Similarly, the interaction between both groups remained significant when controlled for fatigue. PwMS reacted slower [F(1, 174) = 5.22, p = 0.024, η2 = 0.029], made more accidents [F(1, 174) = 6.298, p = 0.013, η2 = 0.035], had higher NDE [F(1, 174) = 7.724, p = 0.006, η2 = 0.043] and higher DSS [F(1, 174) = 6.470, p = 0.012, η2 = 0.036] than controls.
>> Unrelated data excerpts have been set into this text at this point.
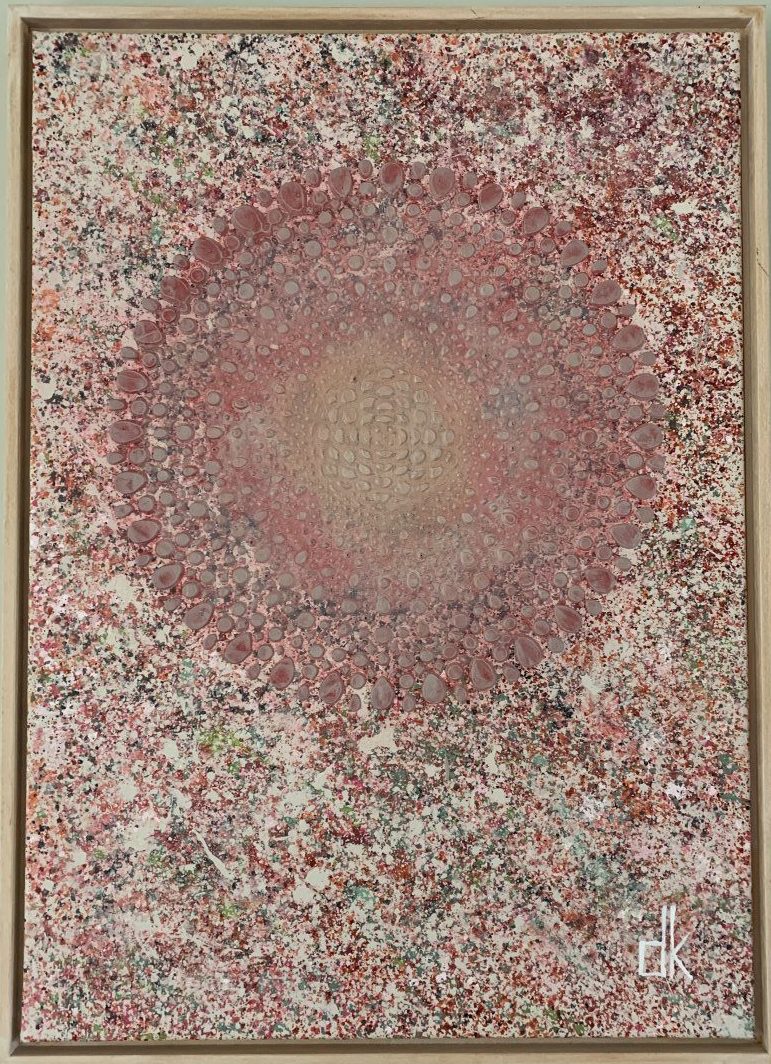 Een globale impressie van het schilderij "Flower dots" 50x70cm.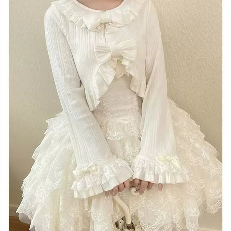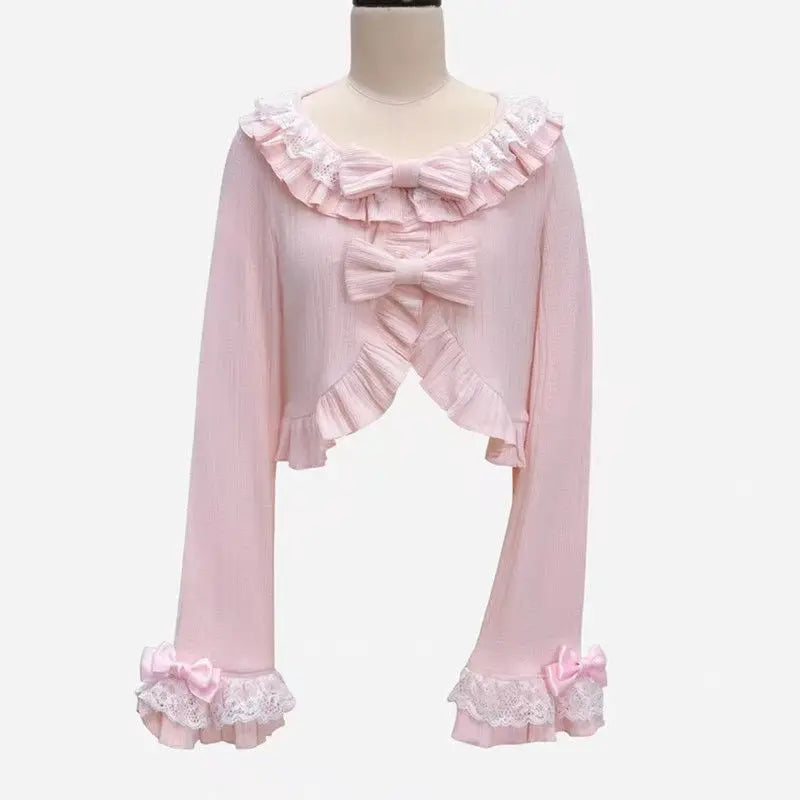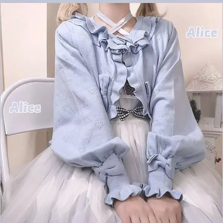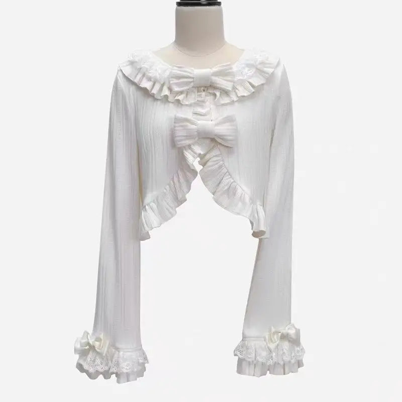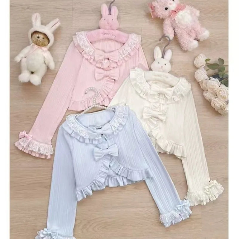 GETADME 카와이 로리타 크롭 니트 가디건, 하트 레이스 오픈워크 스프링 커버업, 일본식 빈티지 스타일 자외선 차단 스웨터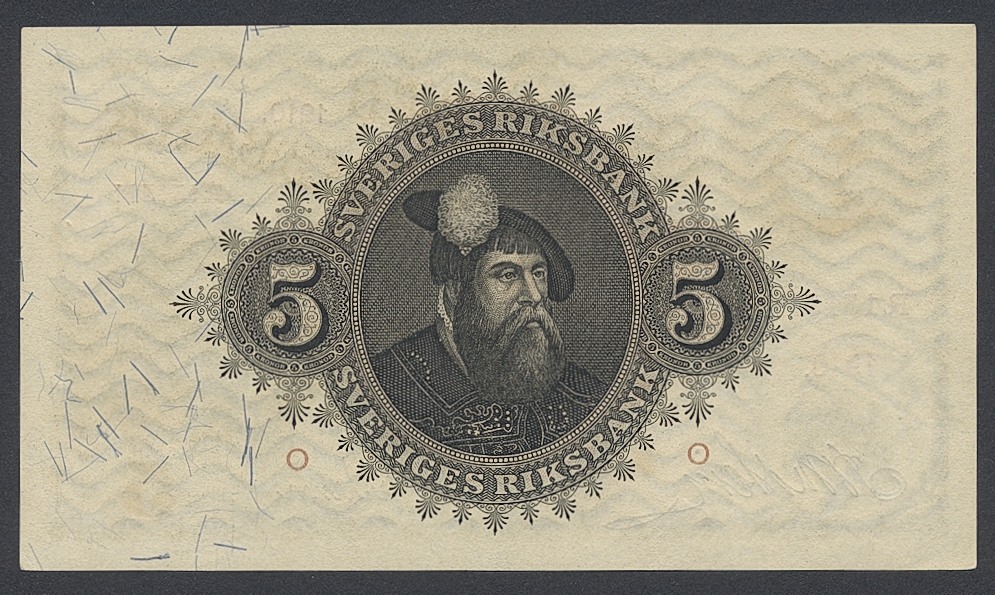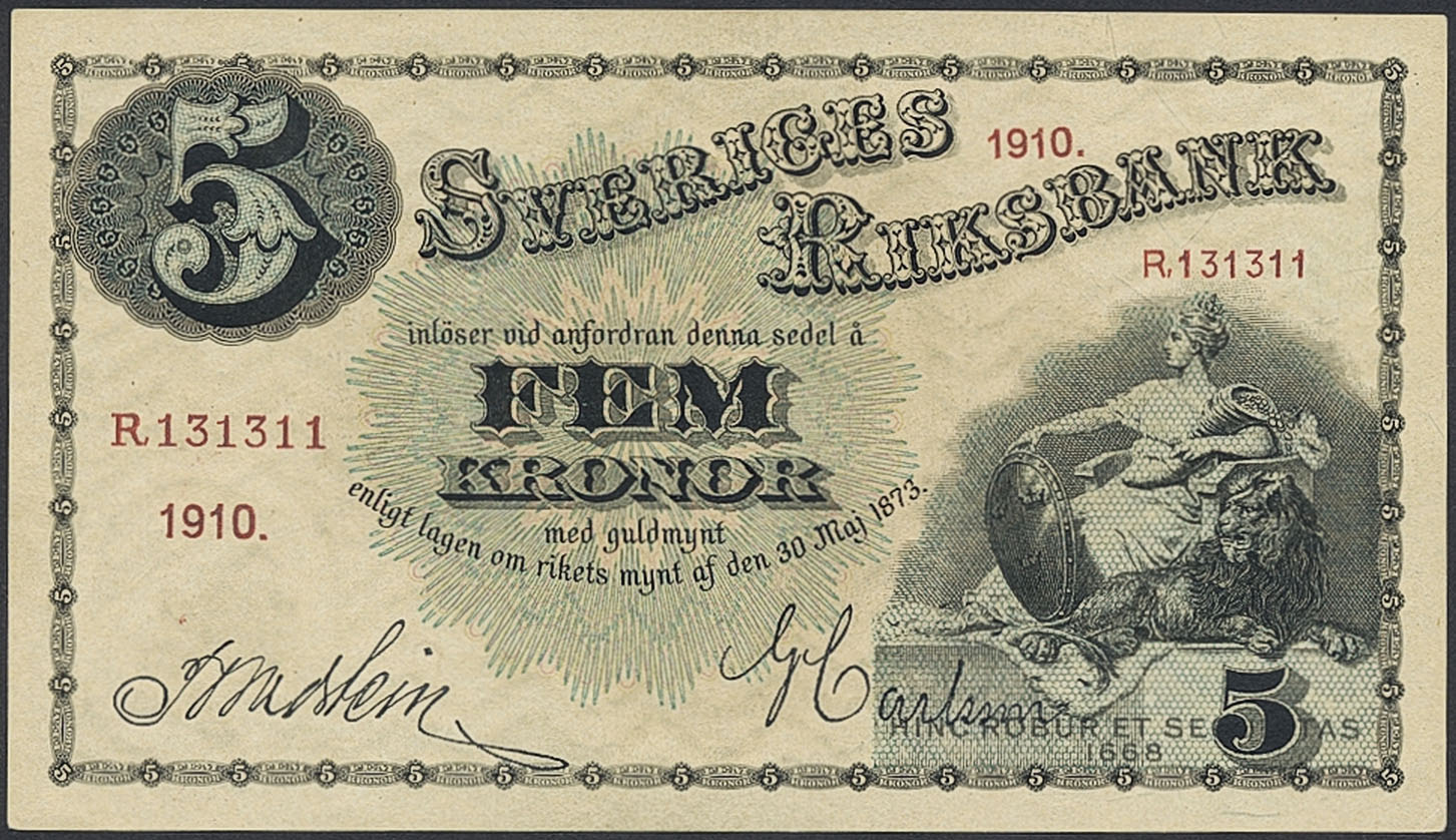 Banknotes, Sweden. SF Q6:5, 5 kronor 1910. R 131311. Ex. MISAB 5 lot 54. 01/0.

Adjusting for visual acuity, the interaction between PwMS and controls remained significant for the number of accidents [F(1, 180) = 9.802, p = 0.002, η2 = 0.052], NDE [F(1, 180) = 13.753, p = 0.000, η2 = 0.071] and DSS [F(1, 180) = 13.096, p = 0.000, η2 = 0.068]. No significant interaction was found for mRT [F(1, 180) = 3.083, p = 0.081, η2 = 0.017] when adjusted for visual acuity, showing that visual acuity has a significant interaction in the group difference for mRT.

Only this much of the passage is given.